Com os jovens, pude notar um processo recorrente de comprovação da minha parte de que suas falas estivessem corretas, como ilustra este trecho de uma conversa que tive com o grupo no momento final de nossa primeira roda de diálogo:

[Ruth] - Professora, as coisas que a gente falou, tá certo pra você?

[Bruna] - Se tá certo? Eu não sei o que é certo. Eu acho que tá certo porque é o que vocês vivem. É o que vocês acreditam. É a realidade de vocês. Então é o que vocês estão vivendo.

Ao longo do processo, com o fortalecimento dos vínculos entre pesquisadora e sujeitos pesquisantes, eles foram reconhecendo o próprio lugar no estudo e essa necessidade de legitimação da fala foi se dissolvendo. É possível, neste sentido, ressaltar um ponto de conexão entre os soldados e os adolescentes jovens participantes da pesquisa: apesar dos distintos lugares sociais que ocupam, passam pelo mesmo processo de silenciamento de vozes não- autorizadas, de vozes subalternas, aquelas que têm suas peculiaridades recorrentemente silenciadas.
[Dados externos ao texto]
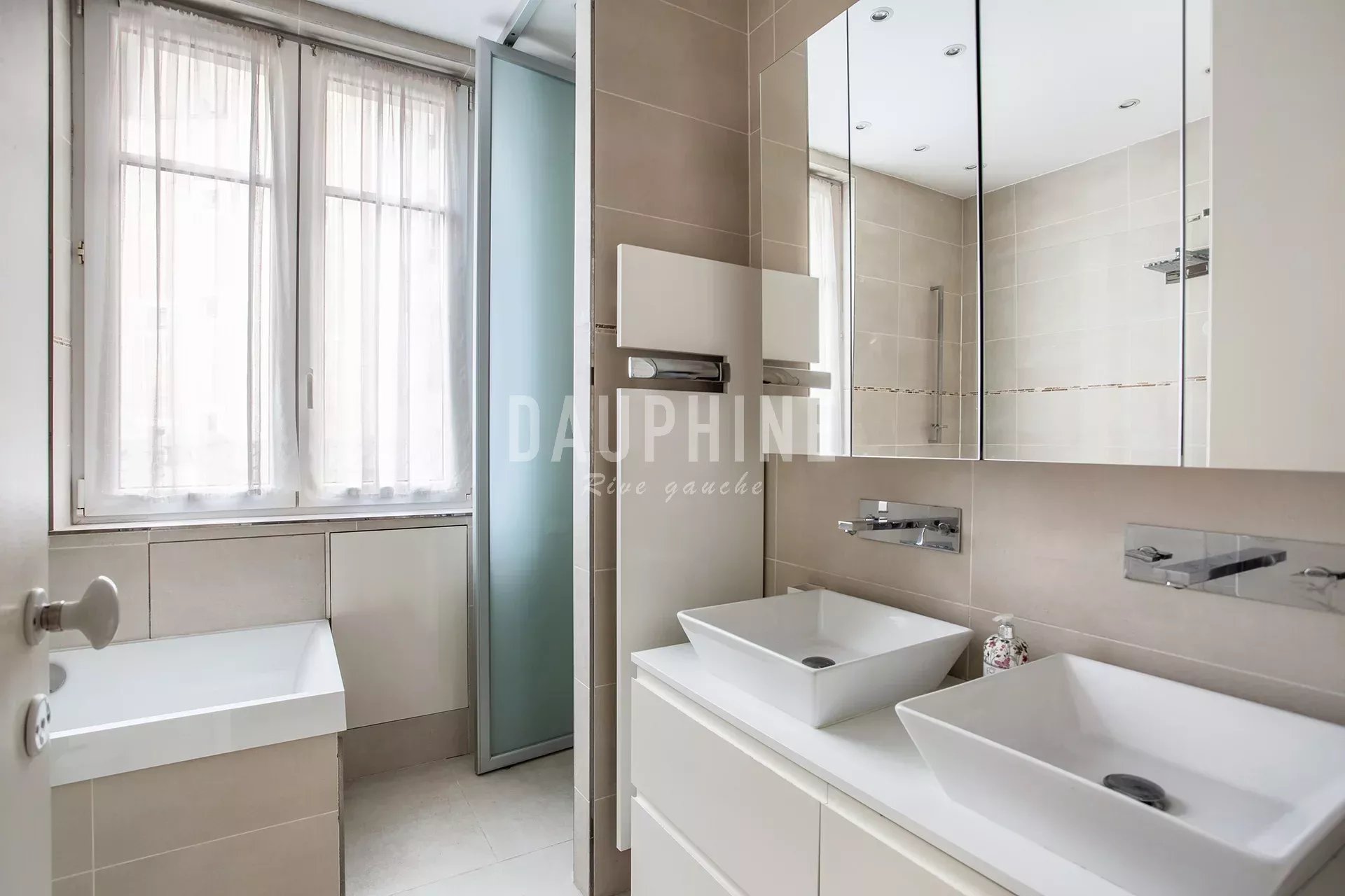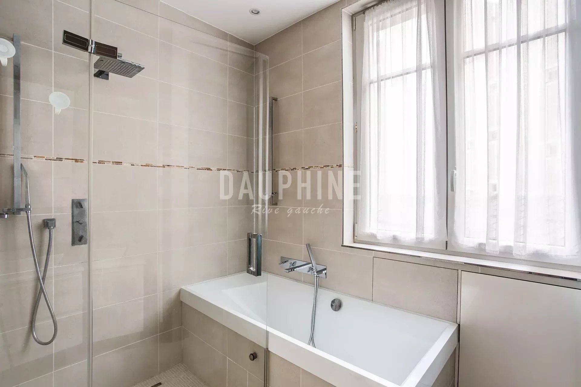 L’appartement comprend deux chambres avec dressings, une cuisine entièrement équipée, une salle de bains avec baignoire et douche à l’italienne, une salle d’eau ainsi que deux WC séparés.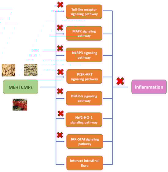 Since inflammatory responses are involved in many complex disease processes, the research and development of anti-inflammatory drugs is of particular importance. The intricate relationship between anti-inflammatory mechanisms and inflammatory diseases highlights the link between the two. Notably, the anti-inflammatory activity of MEHTCMPs has been proven by a large number of related studies; therefore, an in-depth study of the anti-inflammatory mechanism of MEHTCMPs has a very important role in the subsequent development of MEHTCMPs into novel anti-inflammatory drugs. As shown in Figure 1, MEHTCMPs exert anti-inflammatory effects via the Toll-like receptor signaling pathway, MAPK signaling pathway, NLRP3 signaling pathway, PI3K-AKT signaling pathway, PPAR-γ signaling pathway, Nrf2-HO-1 signaling pathway, and JAK-STAT signaling pathway and the regulation of intestinal flora.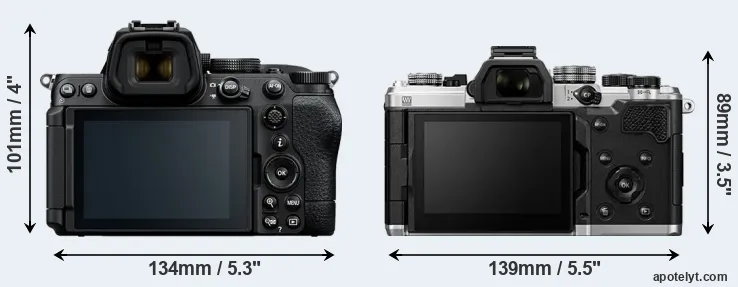 The side-by-side display below illustrates the physical size and weight of the Nikon Z5 II and the OM System OM-3. The two cameras are presented according to their relative size. Three consecutive perspectives from the front, the top, and the back are available. All width, height and depth dimensions are rounded to the nearest millimeter.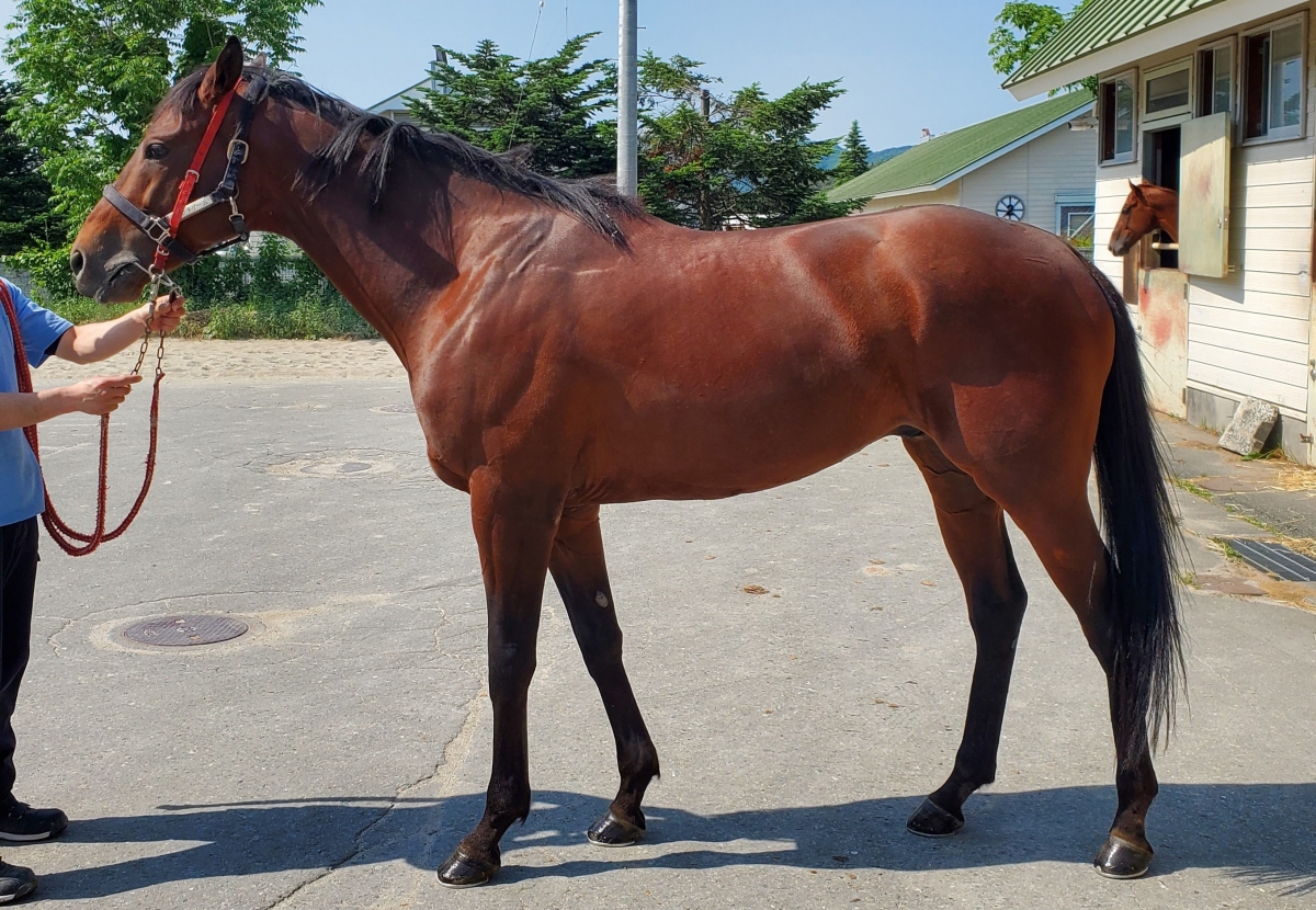 前走後に左前脚が少し腫れたので、念の為エコー検査をしたところ、12%という診断を受け、オークション出品に至りました。現在、熱感が少しありますが、痛みや歩様には出ていません。水冷にて対処しています。能力が非常に高い馬で、長距離の重賞戦線で良いところがあると思っていた馬。脚元が治れば間違いなく活躍できる馬でしたので、正直なところ、後ろ髪を引かれる思いです。(盛岡競馬・飯田弘道調教師)

Processo que a indiana Gayatri Spivak (2010) vai chamar de “violência epistêmica do cotidiano”. Para a autora, a impossibilidade de fala do subalternizado decorre das formas pelas quais os sujeitos do chamado “terceiro mundo” são representados pelos discursos hegemônicos. As heterogeneidades são apagadas para que representações de discursos, olhares, saberes únicos sejam reproduzidas. Opera-se, portanto, uma violência que deslegitima o conhecimento e a possibilidade de se autorrepresentar da população subalternizada.